### Assignment
Stop after the line with "(√15 + √3)² - √180". Up to that point, output every line of the listing below exactly from the first one onward, skipping pictures.

### Data under study
>>>

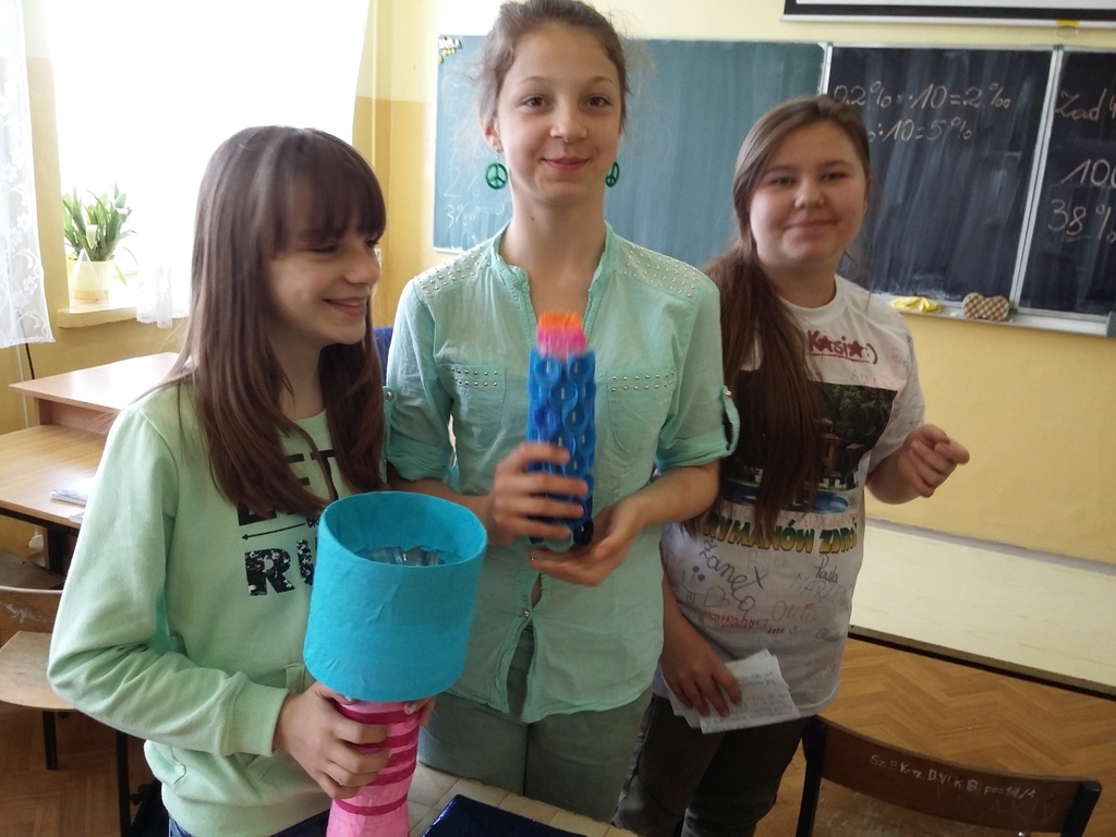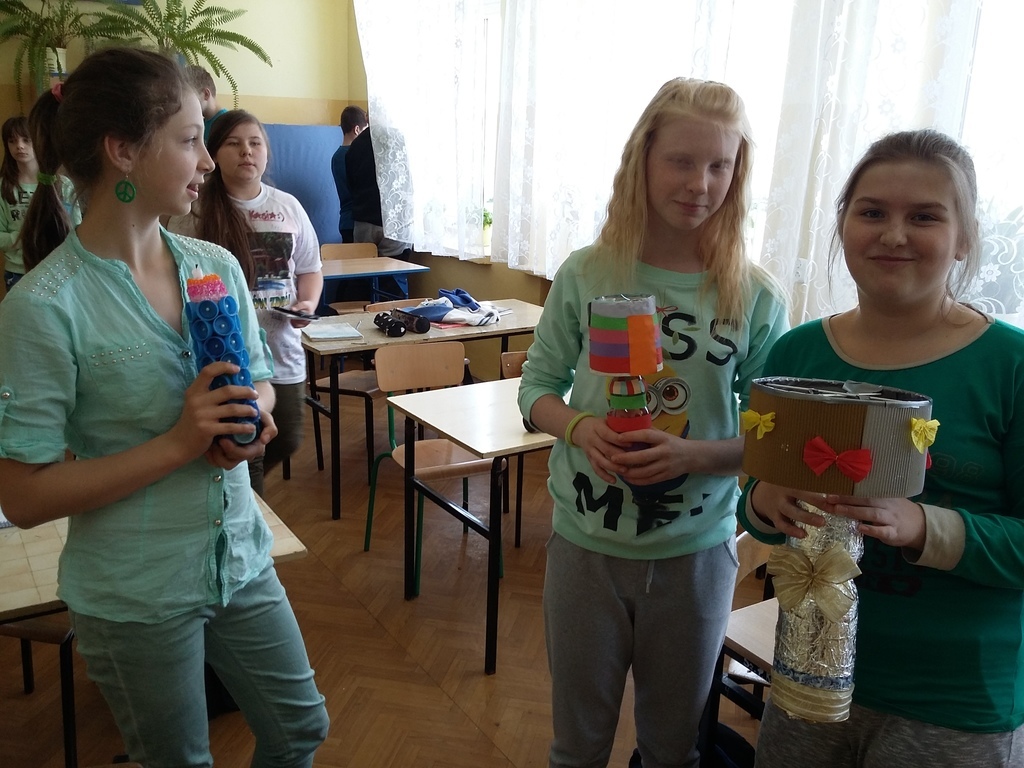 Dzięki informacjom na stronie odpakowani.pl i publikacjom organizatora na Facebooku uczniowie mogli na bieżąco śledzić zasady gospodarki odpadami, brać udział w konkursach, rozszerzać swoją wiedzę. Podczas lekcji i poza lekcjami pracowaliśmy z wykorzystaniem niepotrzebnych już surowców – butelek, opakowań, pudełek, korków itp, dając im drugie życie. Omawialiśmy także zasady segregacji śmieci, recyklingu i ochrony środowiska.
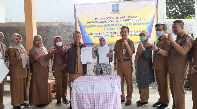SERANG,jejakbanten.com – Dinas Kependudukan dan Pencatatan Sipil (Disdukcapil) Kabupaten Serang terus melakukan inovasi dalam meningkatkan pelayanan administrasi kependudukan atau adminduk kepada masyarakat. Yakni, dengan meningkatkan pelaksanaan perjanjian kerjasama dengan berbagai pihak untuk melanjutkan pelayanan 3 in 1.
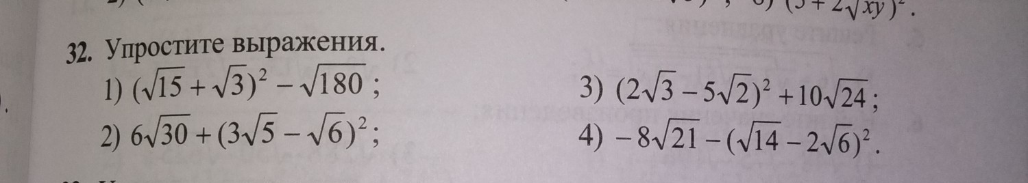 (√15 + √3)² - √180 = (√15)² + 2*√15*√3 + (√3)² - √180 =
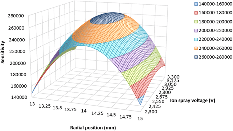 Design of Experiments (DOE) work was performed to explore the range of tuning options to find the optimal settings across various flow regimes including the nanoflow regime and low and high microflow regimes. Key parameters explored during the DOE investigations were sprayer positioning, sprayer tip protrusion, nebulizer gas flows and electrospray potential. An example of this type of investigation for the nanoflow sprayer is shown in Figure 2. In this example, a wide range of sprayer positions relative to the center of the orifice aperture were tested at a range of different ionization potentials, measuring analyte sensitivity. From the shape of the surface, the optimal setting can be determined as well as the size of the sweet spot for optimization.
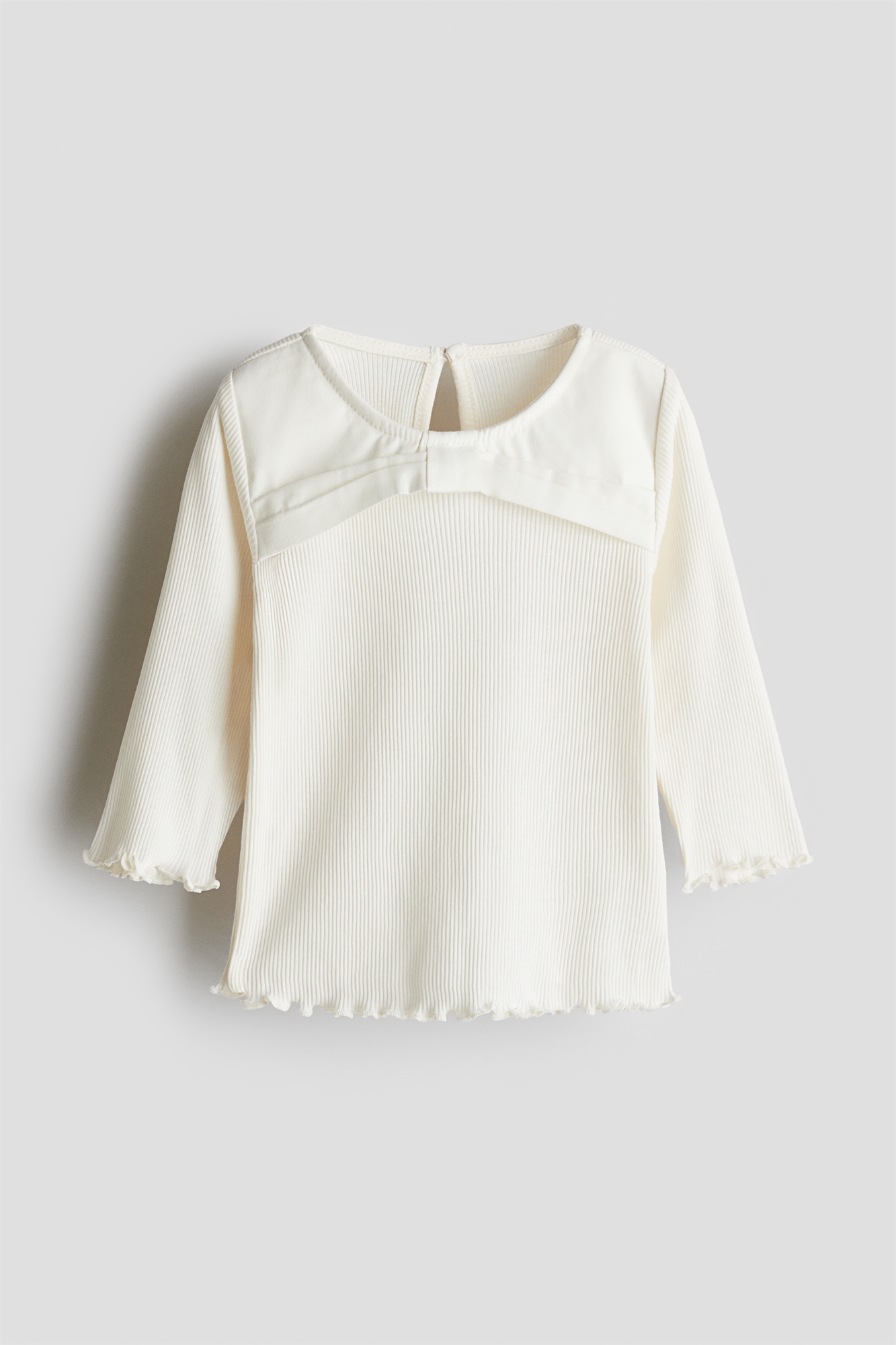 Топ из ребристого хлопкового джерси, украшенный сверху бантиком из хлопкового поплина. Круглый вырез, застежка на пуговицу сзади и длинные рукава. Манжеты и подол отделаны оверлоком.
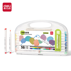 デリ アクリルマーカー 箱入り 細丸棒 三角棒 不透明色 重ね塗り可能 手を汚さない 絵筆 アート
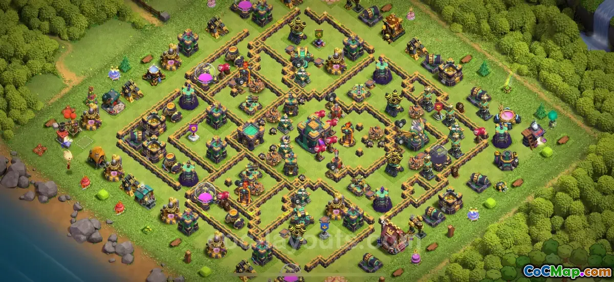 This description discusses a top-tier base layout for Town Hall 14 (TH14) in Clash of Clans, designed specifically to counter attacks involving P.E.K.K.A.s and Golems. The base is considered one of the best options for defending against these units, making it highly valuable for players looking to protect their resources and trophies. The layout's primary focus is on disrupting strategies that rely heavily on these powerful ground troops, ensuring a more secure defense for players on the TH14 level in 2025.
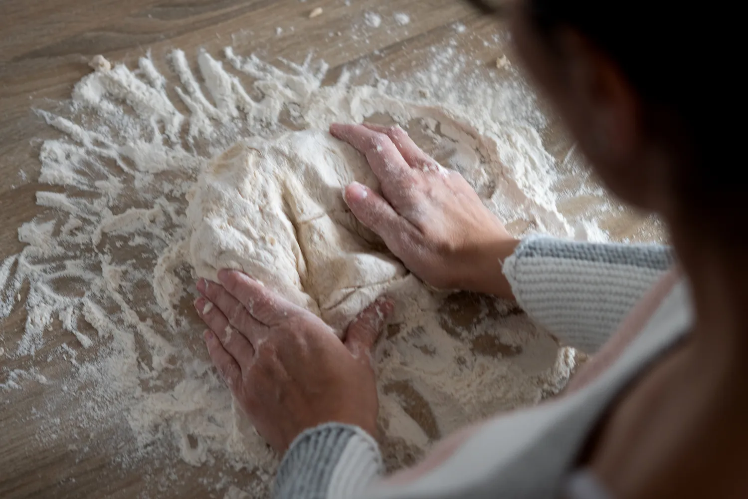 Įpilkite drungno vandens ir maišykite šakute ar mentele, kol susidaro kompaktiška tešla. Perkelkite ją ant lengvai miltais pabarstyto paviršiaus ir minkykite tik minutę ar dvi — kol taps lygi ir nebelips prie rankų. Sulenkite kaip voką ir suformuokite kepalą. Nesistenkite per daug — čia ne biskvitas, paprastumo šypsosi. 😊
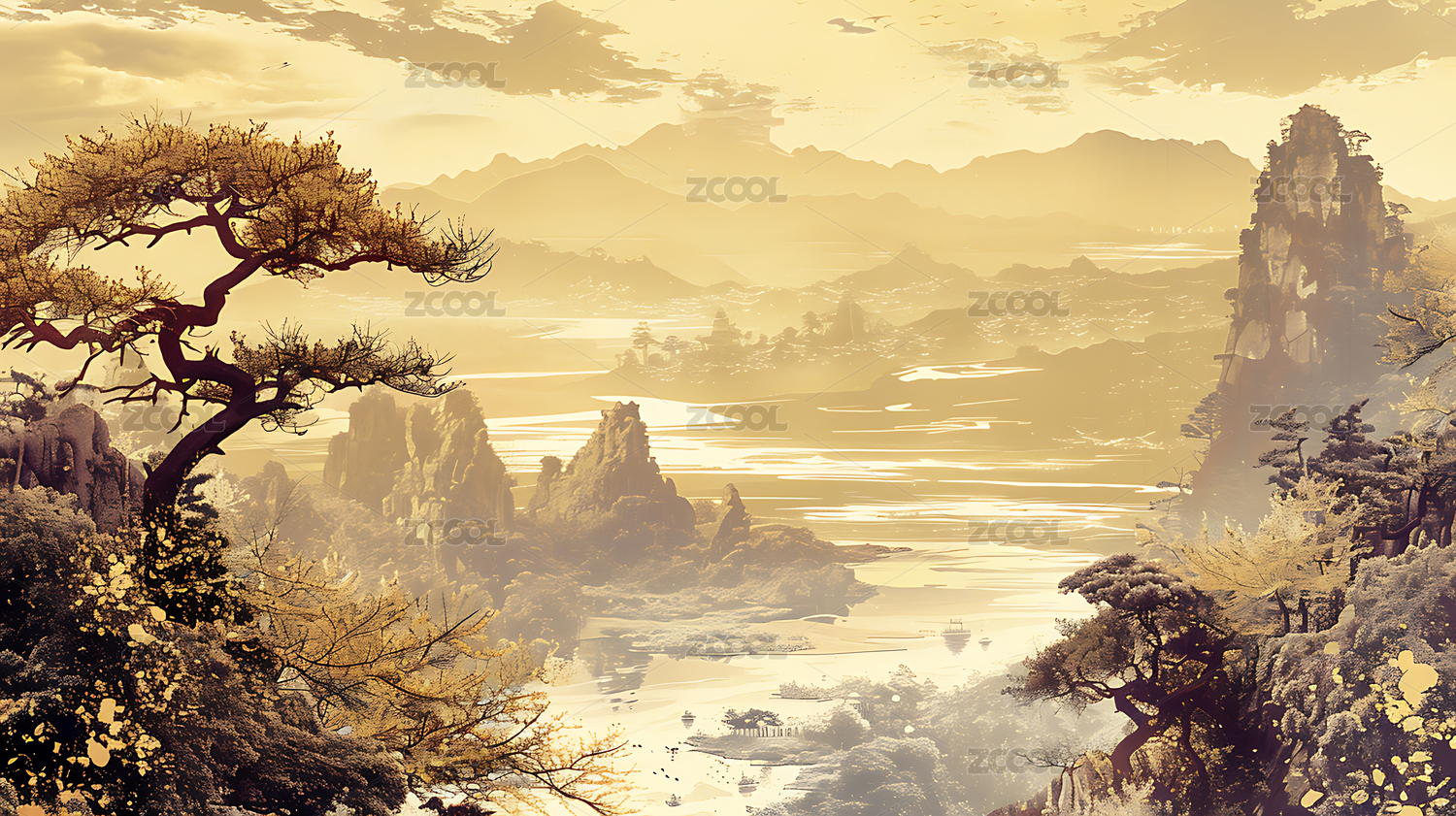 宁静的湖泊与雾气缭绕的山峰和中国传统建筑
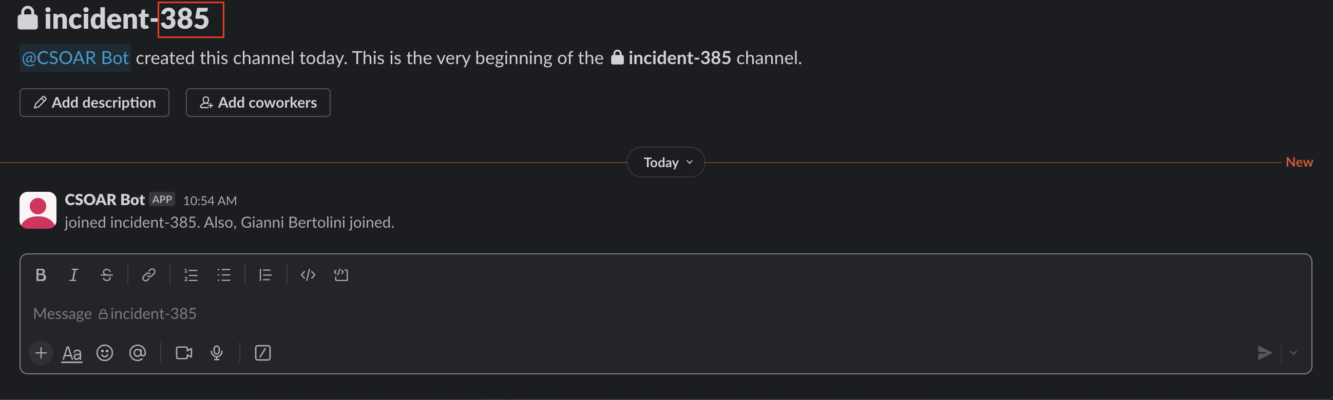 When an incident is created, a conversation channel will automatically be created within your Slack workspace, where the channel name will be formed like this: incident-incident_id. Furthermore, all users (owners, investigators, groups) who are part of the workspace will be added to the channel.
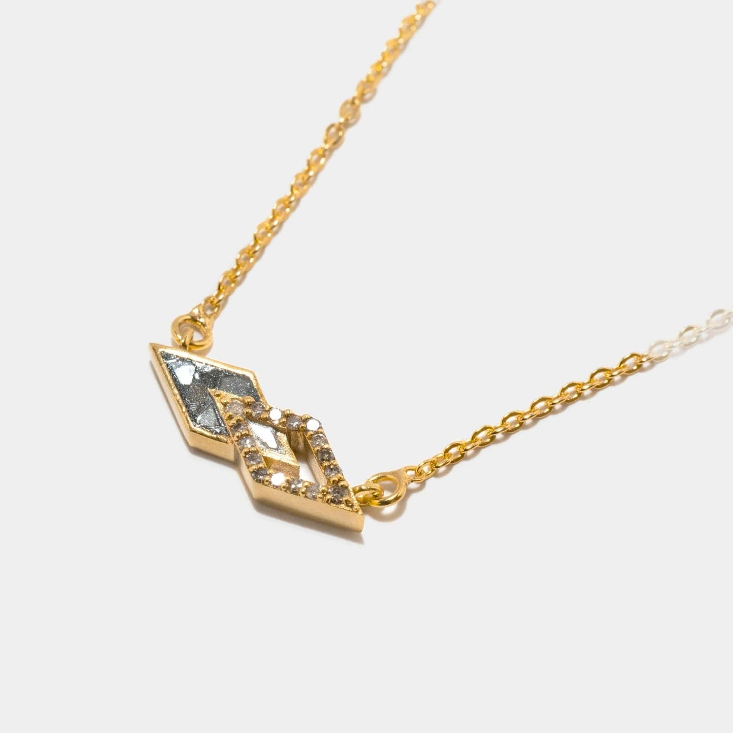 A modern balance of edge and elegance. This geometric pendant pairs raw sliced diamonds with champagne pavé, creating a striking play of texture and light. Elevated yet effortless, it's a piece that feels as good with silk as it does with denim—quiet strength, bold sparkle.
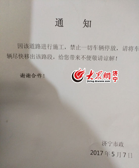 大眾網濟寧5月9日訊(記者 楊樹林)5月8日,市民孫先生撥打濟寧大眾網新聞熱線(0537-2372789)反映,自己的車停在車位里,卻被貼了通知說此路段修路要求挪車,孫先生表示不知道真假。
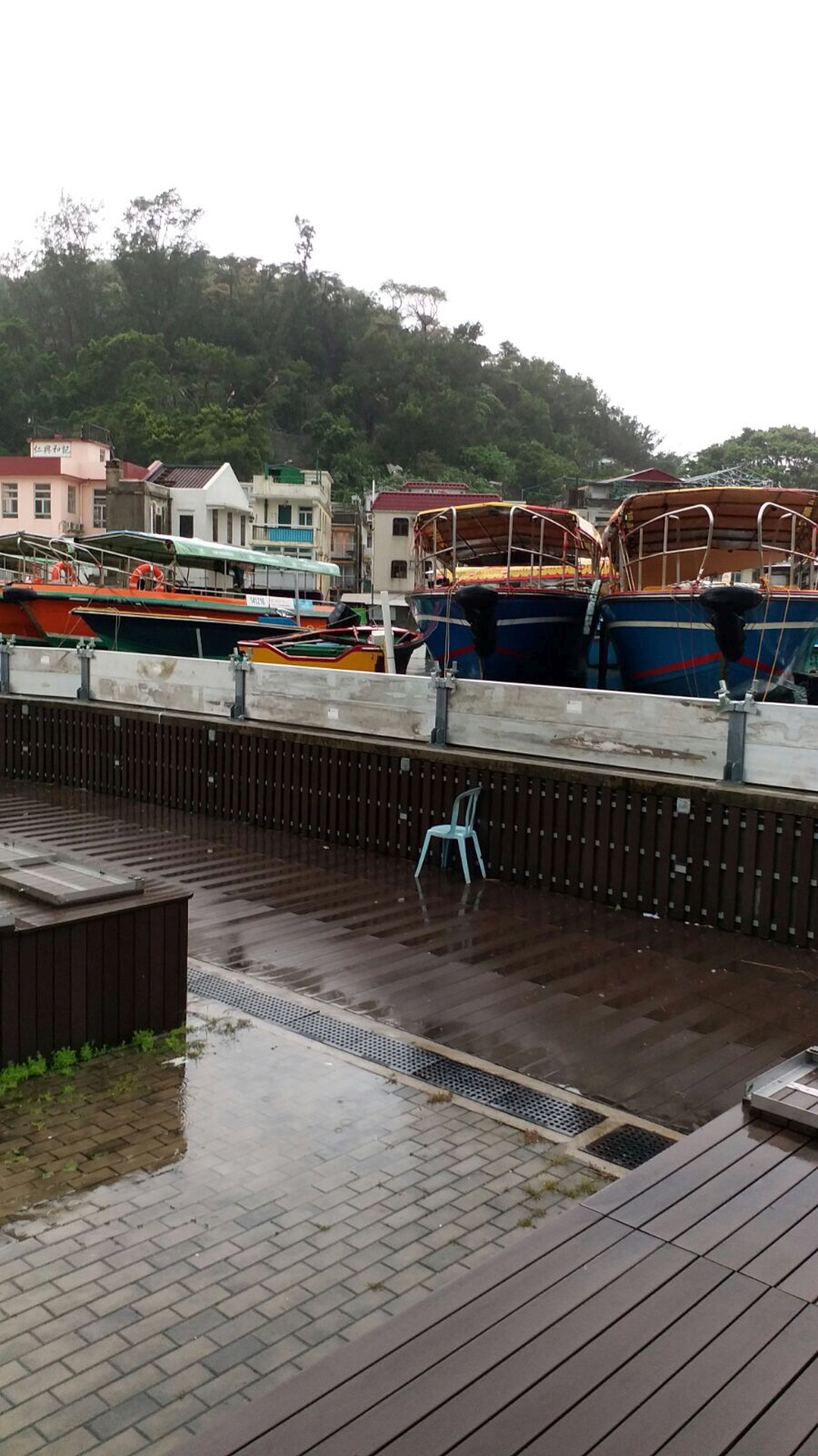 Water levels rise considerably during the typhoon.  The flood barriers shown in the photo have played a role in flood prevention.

<<<

### Task output
 Dzięki informacjom na stronie odpakowani.pl i publikacjom organizatora na Facebooku uczniowie mogli na bieżąco śledzić zasady gospodarki odpadami, brać udział w konkursach, rozszerzać swoją wiedzę. Podczas lekcji i poza lekcjami pracowaliśmy z wykorzystaniem niepotrzebnych już surowców – butelek, opakowań, pudełek, korków itp, dając im drugie życie. Omawialiśmy także zasady segregacji śmieci, recyklingu i ochrony środowiska.
SERANG,jejakbanten.com – Dinas Kependudukan dan Pencatatan Sipil (Disdukcapil) Kabupaten Serang terus melakukan inovasi dalam meningkatkan pelayanan administrasi kependudukan atau adminduk kepada masyarakat. Yakni, dengan meningkatkan pelaksanaan perjanjian kerjasama dengan berbagai pihak untuk melanjutkan pelayanan 3 in 1.
 (√15 + √3)² - √180 = (√15)² + 2*√15*√3 + (√3)² - √180 =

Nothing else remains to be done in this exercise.